Die Deutsche Landeskulturgesellschaft (DLKG) hat auf ihrer 37. Bundestagung vom 7. bis 9. Juni 2016 in Freising-Weihenstephan den diesjährigen Förderpreis der DLKG an Herrn M.Sc. Thomas Machl vom Lehrstuhl für Geoinformatik der Technischen Universität München (TUM) vergeben. Die DLKG würdigt damit die von Herrn Machl erarbeitete "Entwicklung eines Werkzeugs zur landesweit flächendeckenden Analyse landwirtschaftlicher Transportbeziehungen in Bayern".

Die Forschungsergebnisse sind unter dem gleichnamigen Titel als Beitrag in Heft 3/2016 (S. 197–205) der Zeitschrift für Geodäsie, Geoinformation und Landmanagement (zfv) publiziert worden.

Ministerialdirigent Maximilian Geierhos, Leiter der Bayerischen Verwaltung für Ländliche Entwicklung und Vertreter Bayerns im Plenum der Bund-Länder-Arbeitsgemeinschaft Nachhaltige Landentwicklung, hob in seiner Laudatio die wissenschaftliche Leistung und praktische Bedeutung der Forschungsarbeiten von Machl hervor. Das entwickelte Werkzeug ist in der Lage, mit hoher Performanz und Genauigkeit landesweit flächendeckend auf Basis verfügbarer Geodaten die Hof-Feld-Pfade für alle landwirtschaftlichen Betriebe zu den jeweils zugehörigen Feldstücken vollautomatisiert zu berechnen und weiter zu analysieren.
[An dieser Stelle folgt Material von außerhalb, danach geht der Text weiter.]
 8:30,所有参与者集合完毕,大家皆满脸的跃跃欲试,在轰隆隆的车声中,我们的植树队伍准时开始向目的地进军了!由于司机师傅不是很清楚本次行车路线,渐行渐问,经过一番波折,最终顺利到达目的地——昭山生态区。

Laudator Maximilian Geierhos, Ministerialdirigent im Bayerischen Staatsministerium für Ernährung und Landwirtschaft, Leiter der Bayerischen Verwaltung für Ländliche Entwicklung und Vertreter Bayerns im Plenum der Bund-Länder-Arbeitsgemeinschaft Nachhaltige Landentwicklung (Quelle: LfL Bayern)
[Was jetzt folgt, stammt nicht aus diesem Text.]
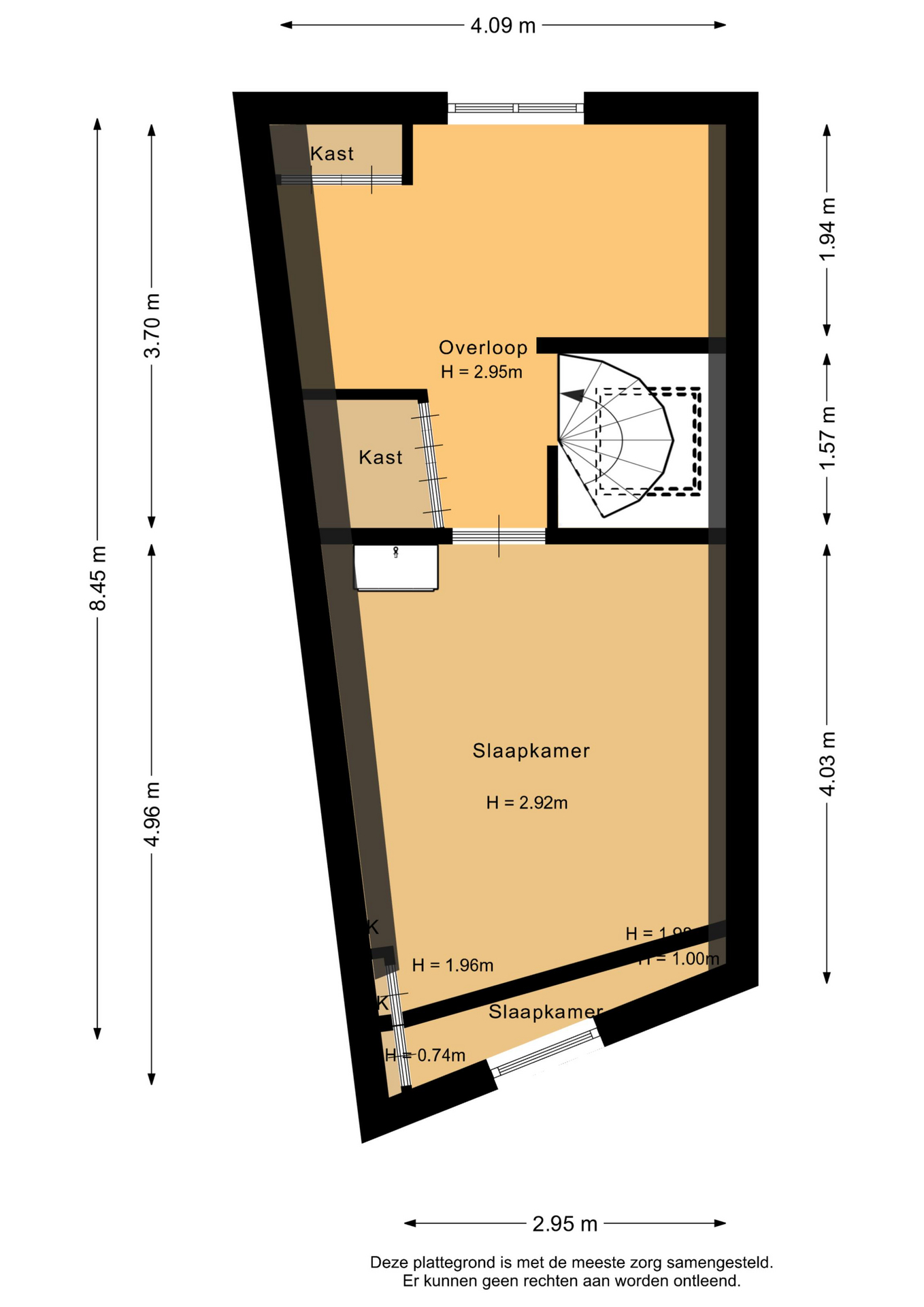 Middels een trap vanuit de woonkamer kom je op een ruime overloop. Hier is voldoende ruimte om bijvoorbeeld een zitje te creëren met uitzicht over de achtertuin. Ook op deze verdieping zijn de authentieke balken behouden en zichtbaar. De slaapkamer, gelegen aan de voorzijde, beschikt over een wastafel.

Laudator Maximilian Geierhos, Ministerialdirigent im Bayerischen Staatsministerium für Ernährung und Landwirtschaft, Leiter der Bayerischen Verwaltung für Ländliche Entwicklung und Vertreter Bayerns im Plenum der Bund-Länder-Arbeitsgemeinschaft Nachhaltige Landentwicklung

Die Erfassung der landwirtschaftlichen Transport- und Fahrwege stützt sich im Wesentlichen auf vorhandene anonymisierte InVeKoS-Daten der Landwirtschaftsverwaltung und Geobasisdaten des Bayerischen Landesamtes für Digitalisierung, Breitband und Vermessung (ATKIS und Hauskoordinaten). Daher wäre auch eine Übertragung auf andere Bundesländer mit vergleichsweise geringem Aufwand möglich.
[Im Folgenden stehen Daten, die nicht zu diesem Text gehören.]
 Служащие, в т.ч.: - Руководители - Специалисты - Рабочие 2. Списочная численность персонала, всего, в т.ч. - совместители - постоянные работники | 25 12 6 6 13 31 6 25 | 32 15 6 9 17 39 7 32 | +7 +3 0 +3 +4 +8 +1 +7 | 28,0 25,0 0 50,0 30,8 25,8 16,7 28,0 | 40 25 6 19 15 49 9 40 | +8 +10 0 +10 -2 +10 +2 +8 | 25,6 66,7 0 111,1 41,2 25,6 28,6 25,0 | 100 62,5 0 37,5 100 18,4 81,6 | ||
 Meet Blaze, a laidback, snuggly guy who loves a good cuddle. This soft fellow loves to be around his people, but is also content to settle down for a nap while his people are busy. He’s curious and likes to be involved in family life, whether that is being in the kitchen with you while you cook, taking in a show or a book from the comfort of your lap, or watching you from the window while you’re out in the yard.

Das von Herrn Machl erstellte GIS-Werkzeug kann sowohl zur Analyse des Ist-Zustandes im Kontext der Erstellung von regionalen Wegebaukonzepten als auch zur objektiven Bewertung verschiedener Planungsszenarien eingesetzt werden. So können zum Beispiel Schwachstellen im bestehenden Wegenetz, die mehrere Betriebe oder ein größeres Gebiet betreffen, schnell erkannt und planerische Überlegungen zur Abhilfe durch vereinfachte Flurneuordnungsverfahren oder eine gezielte Wegebauförderung außerhalb der Bodenordnung getroffen werden. Das Werkzeug eröffnet bislang überhaupt nicht oder nur mit sehr hohem Aufwand mögliche Analysen von Wegenetzen und Fahrbeziehungen der Landwirtschaft und erlaubt darüber hinaus ein jährliches Monitoring. Es stellt eine bedeutende Innovation und einen großen Entwicklungssprung bei der Analyse von Wegenetzen und der Begleitung von Wegebauvorhaben dar. Die sehr anspruchsvollen Forschungsarbeiten und deren -ergebnisse sind von hoher praktischer Bedeutung für die Landeskultur und beispielgebend für junge Wissenschaftler auf diesem Gebiet. Dies soll mit der Preisvergabe gewürdigt und herausgestellt werden.

Der Förderpreis der Deutschen Landeskulturgesellschaft wurde im Jahr 2008 ins Leben gerufen und erstmals vergeben (s. zfv 6/2008, S. 398), um besonders erfolgreiche Projekte in der Landentwicklung oder herausragende wissenschaftliche Forschungsarbeiten zu würdigen und dadurch hervorzuheben. Die auch als Deutscher Landeskulturpreis bekannte Auszeichnung wendet sich damit sowohl an die Praxis der Landentwicklung in Deutschland als auch an junge Nachwuchswissenschaftler mit ihren Forschungsergebnissen auf dem Gebiet der Landeskultur und Landentwicklung.